What is the roast level of the PACT beans? If too light then that may be your problem (grinder).

Also try WDT or puck raking to ensure you have a fully even bed. This helps to prevent channeling.

Are you weighing your output?


----------



## 4085 (Nov 23, 2012)

The shot timer starts from when you press the button. What happens between that and the drips is the puck is being infused with the water at low pressure. Once the puck becomes saturated, the drips will appear. I would aim at 25 to 30 seconds for your desired weight. Presumably you weight the coffee out? 18.5 gms wants 37 (ratio of 2:1) which is by no means written in stone but a starting point. Toslow the shot down, either grind finer or put more coffee in


----------



## 24774 (Mar 8, 2020)

Mark80 said:


> I grind exactly 18.5g of coffee on grind size 2 (I'm reluctant to go to grind size 1 as it leave me nowhere else to go from there).


 I had this problem when I got my BE, I could not grind fine enough no matter what bean I used, what weight or strength of tamp, it always came out too fast. So I adjusted the top burr. This involves removing the hopper and lifting out the top burr of the grinder. It has markings on it (1-6 I think), I put it down to 3 or 4, I can't remember which exactly). Whichever yours is on, put it down one, try that, if it's not fine enough, try the next one. There's a video in the main main Sage sticky thread of how to do it. This meant my outer dial (the one with 1-16 on it) was re-calibrated. Number 5 (well, all numbers of course) was now a much finer grind that it had been previously. All my coffees were ground in a small range from then on, I think it was 2-5. (I have a new grinder now).

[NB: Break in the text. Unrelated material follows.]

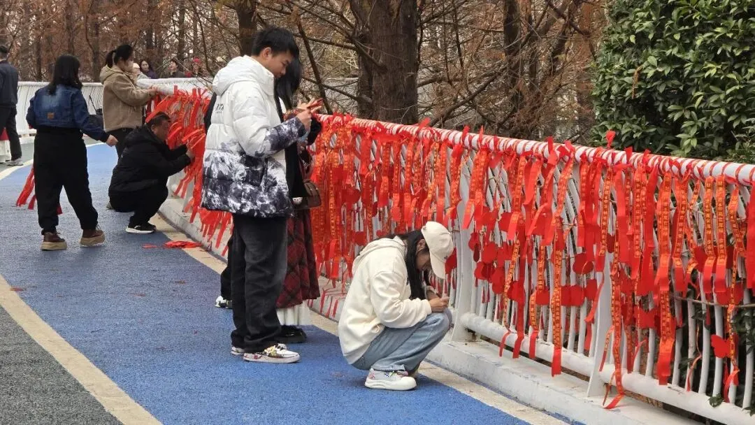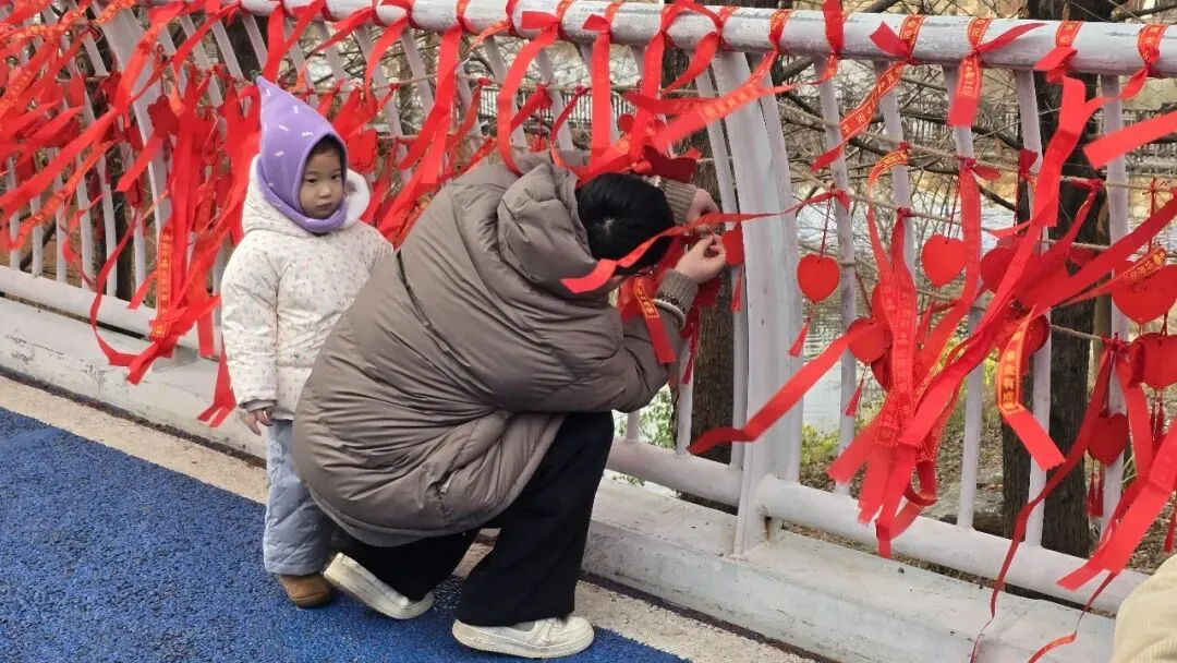 新春祈福,岁岁安康。彩虹一桥处,笔墨祈福牌已备好,写下新年心愿悬挂桥上,让繁花见证美好期许。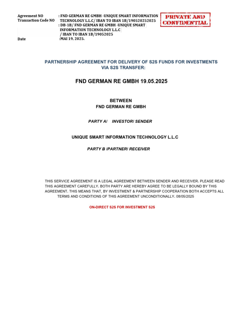 PARTNERSHIP AGREEMENT FOR DELIVERY OF S2S FUNDS FOR INVESTMENTS VIA S2S:

It's been said on this forum you're not supposed to do this, I don't understand that point. The machine is designed to that, there's accessibility and markings on the machine itself (inside there the burr is, red markings) for that very reason. Make sure you hoover out the grinder so no beans/detritus are lodged in there when you turn it back on, like any adjustments of something mechanical if you don't put it back together properly, it won't work or could even damage the machine. If you are not entirely comfortable with the process *do not do it*.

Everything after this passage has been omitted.